Als physische Ursache erkannt ist eine Dysbalance in der Verteilung oder Sensibilität von Rezeptoren der postsynaptischen Zelle. Neurotransmitter werden dadurch nicht gleichmäßig aufgenommen, was zu einer unregelmäßigen Weiterleitung der neuronalen Impulse führt. An der Entstehung und Ausbreitung dieser ungleichmäßigen Entladungen können ferner Defekte der Na+-Ionenkanälen oder Ca2+-Ionenkanäle beteiligt sein.

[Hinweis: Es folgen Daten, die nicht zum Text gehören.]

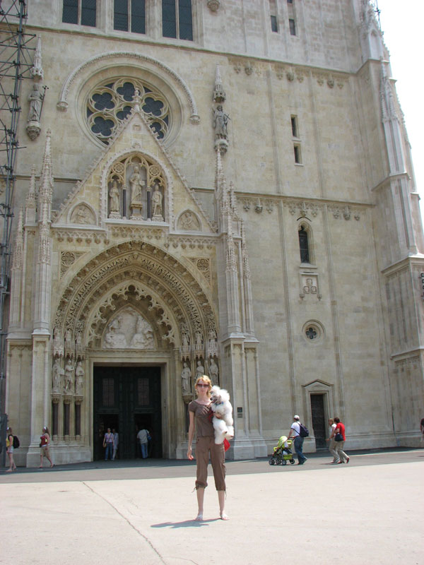 другие наши соотечественники тоже писали разные похожие опусы, так что все двери были увешаны..и ни один работник отеля не рискнул видимо сунуть нос в номера русских... мы с Бигги у собора..оч красиво..но внутрь увы..только бессобачные прошли) |
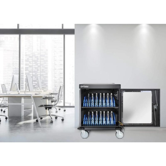 MANHATTAN nabíjecí vozík na notebooky - 32 míst, 32 portů, Až 15,6" - EU Zásuvka

Auf biochemischer Ebene an der Entstehung epileptischer Anfälle beteiligt ist ein Ungleichgewicht der erregenden Neurotransmitter Glutamat oder Aspartat und des Gegenspielers, der inhibitorischen Überträgersubstanz GABA (= Gamma-Aminobuttersäure/ gamma-Aminobutyric acid) sowie Defekte in der Biosynthese, die zu einem gesteigerten Abbau oder zu einer Hemmung der Rezeptoren führen. Es kommt dadurch zu einer abnormen, langanhaltenden Depolarisation am Dendriten einer Nervenzelle und somit zu einer Generalisierung des Aktionspotentials. Die elektronische Fortleitung kann nicht unterbrochen werden und die Repolarisation zur Unterbrechung der elektrischen Ströme kann nicht rechtzeitig stattfinden. Die Folge ist ein Übermaß an elektrischen Impulsen in den Nervenzellen und es kommt zum epileptiformen bzw. epileptischen Anfall. Immer wieder auftretende Epilepsie-Anfälle führen zum Zelluntergang, was zur Beeinträchtigung einzelner Gehirnareale, Wesensveränderung, Gedächtnisverlust und anderen Symptomen führen kann.

Ursachen:

Primär nicht im Gehirn lokalisierte (extrakraniell):

  • Kreislaufregulationsstörungen
  • Stoffwechselstörungen (Schilddrüsenunterfunktion, Diabetes u.a.)
  • Psychisch bedingte Anfälle
  • Fieberkrämpfe
  • Infektionen (Staupe, Tetanus, FSME u.a.)
  • Lebererkrankungen und -anomalien
  • Nierenerkrankungen
  • Herzrhythmusstörungen
  • Vergiftungen

Primär im Gehirn lokalisiert (intrakraniell):

  • Hirnhautentzündungen
  • Gefäß-Anomalien
  • Degenerative Veränderungen (Speichererkrankungen)
  • Thiaminmangel
  • Schädelverletzungen
  • Tumore

Für Prognose und Therapie ist eine Differenzierung mit teils umfangreicher Diagnostik inzwischen auch bei Tieren möglich und für die Auswahl der Therapie hilfreich. Dazu gehören zunächst:

  • Ausführliche und weitzurückreichende Anamnese um eventuelle Schädeltraumata auszuschließen oder in Erwägung zu ziehen
  • Familiengeschichte falls bekannt zur Feststellung einer genetischen Disposition
  • Abgrenzung nicht im Gehirn lokalisierter (extracerebraler) primärer Ursachen durch hämatologische (Blut) und biochemische (Stoffwechsel) , sowie kardiologische (z. B. EKG) Untersuchung
  • Neurologische Untersuchungen

Gerätediagnostik bringt diagnostische Sicherheit, gehört bei Tieren aber nicht zu den Standarduntersuchungen, vor allem, weil sie sehr kostspielig ist. Für die Diagnose epileptischen Geschehens werden eingesetzt:

  • CCT (cerebrale Computertomatographie)
  • MRT o. MRI (Magnetresonanztomographie)
  • EEG (Elektrolytenzephalogramm): Messung von Gehirnströmen, am Tier sehr schwer durchführbar.